French War Criminal Arrested at Monastery
France’s most wanted war criminal, Paul Touvier, was arrested today after 45 years on the run, and church sources said the building where he was seized belonged to excommunicated traditionalist Archbishop Marcel Lefebvre.
A police spokesman said Touvier, leader of the militia that collaborated with Nazi Germany in the southeastern French city of Lyon during World War II, was arrested on the grounds of a monastery near the southern city of Nice.
French radio said Touvier, 74, had been sheltered by French religious authorities since the end of the war. He was flown to Paris immediately after his arrest for interrogation by an investigating magistrate.
Senior sources in France’s Roman Catholic Church later told Reuters that the priory where Touvier was arrested belonged to Lefebvre.
The sources said the municipality of Nice had given the Priory of Saint-Francois in central Nice to the Saint Pius X Fraternity, Lefebvre’s movement.
Touvier headed the militia that helped occupying German forces track down resistance fighters.

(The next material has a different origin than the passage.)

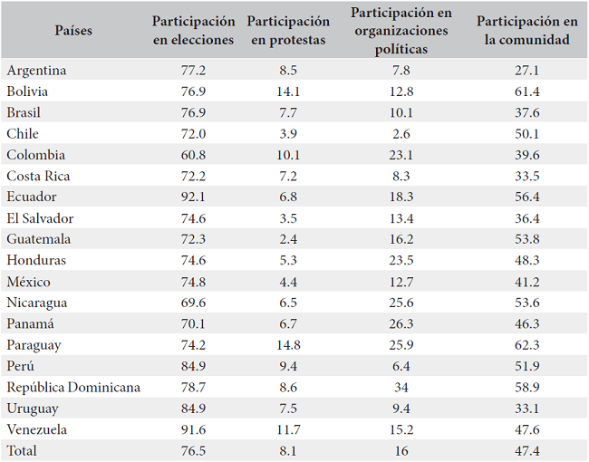 El Cuadro 1 presenta los niveles de participación reportados para cada uno de los países que componen la muestra. En términos generales, se logra apreciar que acudir a votar e involucrarse en actividades de la comunidad son los dos mecanismos de participación más ejercidos por los latinoamericanos: mientras 76.5% de los entrevistados señaló haber votado en la última elección presidencial, 47.4% afirmó haberse involucrado en acciones relacionadas con su comunidad. Respecto de la participación en agrupaciones políticas, sólo 16% afirmó haber asistido a reuniones en el último año, mientras que apenas 8.1% reportó haber participado en manifestaciones o protestas públicas.

He is believed to have worked closely with Gestapo chief Klaus Barbie, jailed for life in France in 1987 for war crimes.
Touvier was twice sentenced to death in absentia but finally pardoned by the late President Georges Pompidou in 1972, although resistance movements later brought charges against him of crimes against humanity.
A French newspaper carried the announcement of his death in 1984, but police always suspected that Touvier was still alive.
Touvier joined the Vichy regime that collaborated with Nazi Germany during the war, and was quickly promoted to head the police force of Lyon, a center of the French resistance.
Historian Henri Amouroux told French radio: “The resistance movement accuses the church and its hierarchy of protecting Touvier, and I believe that is true.
“Touvier’s trial will reawaken many painful moments from the war and also drag the church into having to give an embarrassing explanation of why it protected him,” Amouroux added.